Musings on Beer Butt Chicken
This weekend I had a go at cooking Beer Butt Chicken, a rather comical but actually very real recipe in which you sit a chicken on top of a can of beer and cook it, resulting in beautifully moist meat. It's a bit weird but I'd heard that it works, so I decided to give it a shot. I won't go into the recipe specifics, because you can google the name and get a million variations, and I didn't really use any one of them.
I used Old Speckled Hen as my beer. Because of the size of my chicken, I cut the can in half, and drank half the beer. I think that I had a little too much beer in there, actually - most recipes suggest half a can but they also imply that the chicken will support the whole can, so I guess I should have used more like a quarter, or a third. Recipes vary on how much you should add to the beer, so I decided to go for two garlic cloves. I also chose not to season the bird much, because Glynn Christian tells me that you only flavour the skin with that. I avoided stuffing or rubbing it at all so that I could get at the raw beery flavour, to see how the method affected the roasting process.
Oh yes, and one more note: I cooked it for 20 minutes per 500g.
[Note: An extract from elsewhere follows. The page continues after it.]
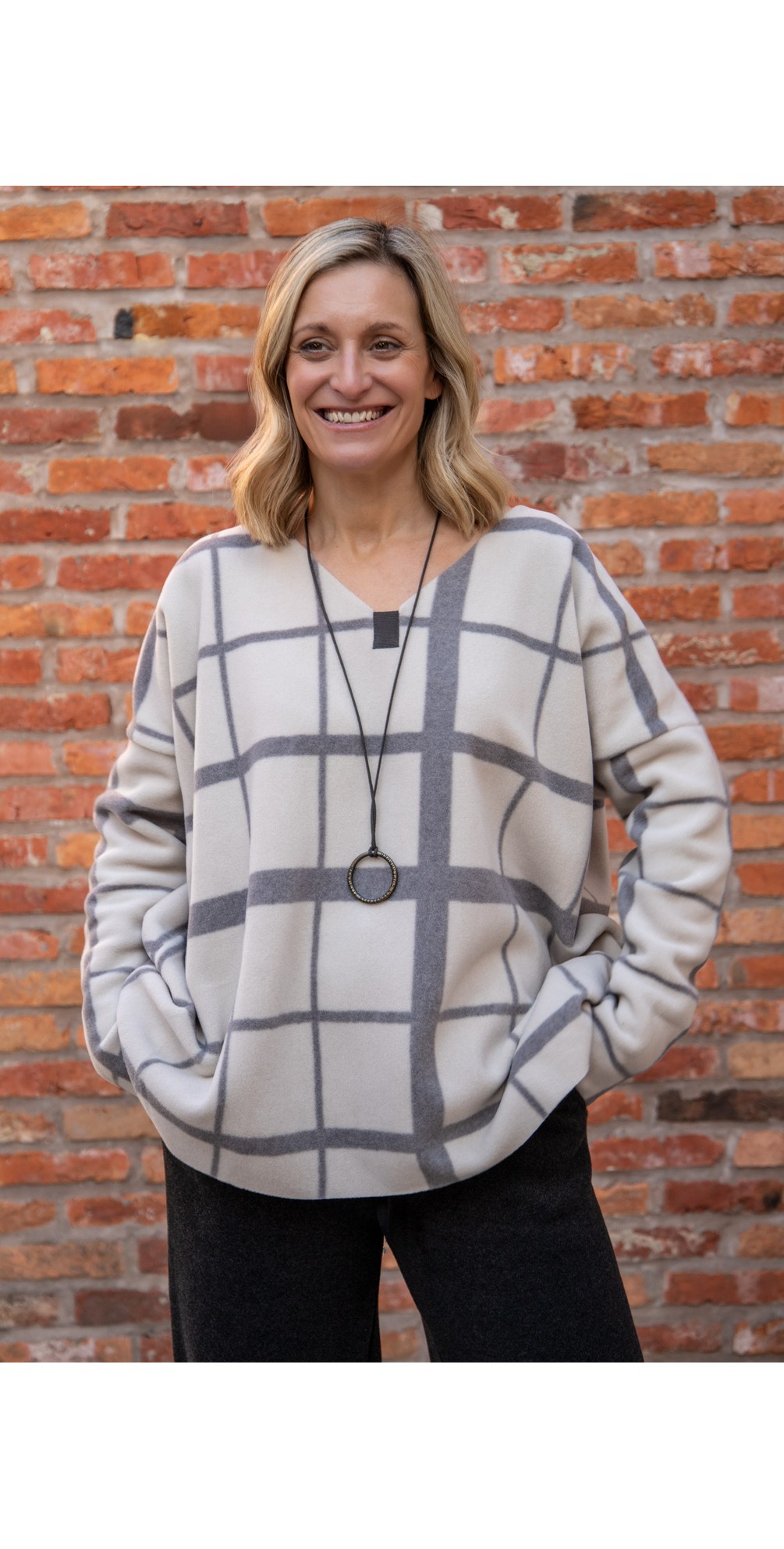 Henriette Steffensen Oversized Clan Print Fleece Blouse with Necklace

Most recipes I've seen tell you to add another 20 minutes on top of that, but Glynn says not to, and How To Cook Without Recipes is my bible, so that's what I did. I didn't do any turning or any nonsense like that, although I did have to take the tray out briefly to add the roast potatoes.
So how did it go?
The flavour first, I guess. It was a good example of a roast, for sure, and the meat was moist, but it wasn't flavoured in any detectable way by the beer or garlic. Maybe if you added plenty of paprika you would get something out of that. Apparently the ingredients in beer really do something to moisten the bird that wouldn't happen if you just used water - I would quite like to test that theory. To be honest, though, I suspect you can achieve the same flavour with a regular roast, turned a few times throughout cooking.
The method itself is easy to set up - just sit the chicken on - and easy to get in the oven, and you don't have to turn or baste the chicken at all, but when it comes out of the oven the trouble starts. You have an extremely hot tray, a red hot bird that falls apart to the touch, and a searing metal can to remove from it. I laid the tray upon my stove, then moved the bird off using oven gloves, and then managed to knock it over, spilling beer everywhere, before lifting it with an oven glove in my left hand and using a teatowel to grab hold of the can. In terms of ease, I'd say this method is pretty poor. Perhaps if you used two people you could make your life easier.
In conclusion, it was a fun recipe to try out, and it did make for a good roast, but I'm not convinced that it's worth the hassle: I'll have to try a few more roast chicken styles before I make any final judgements.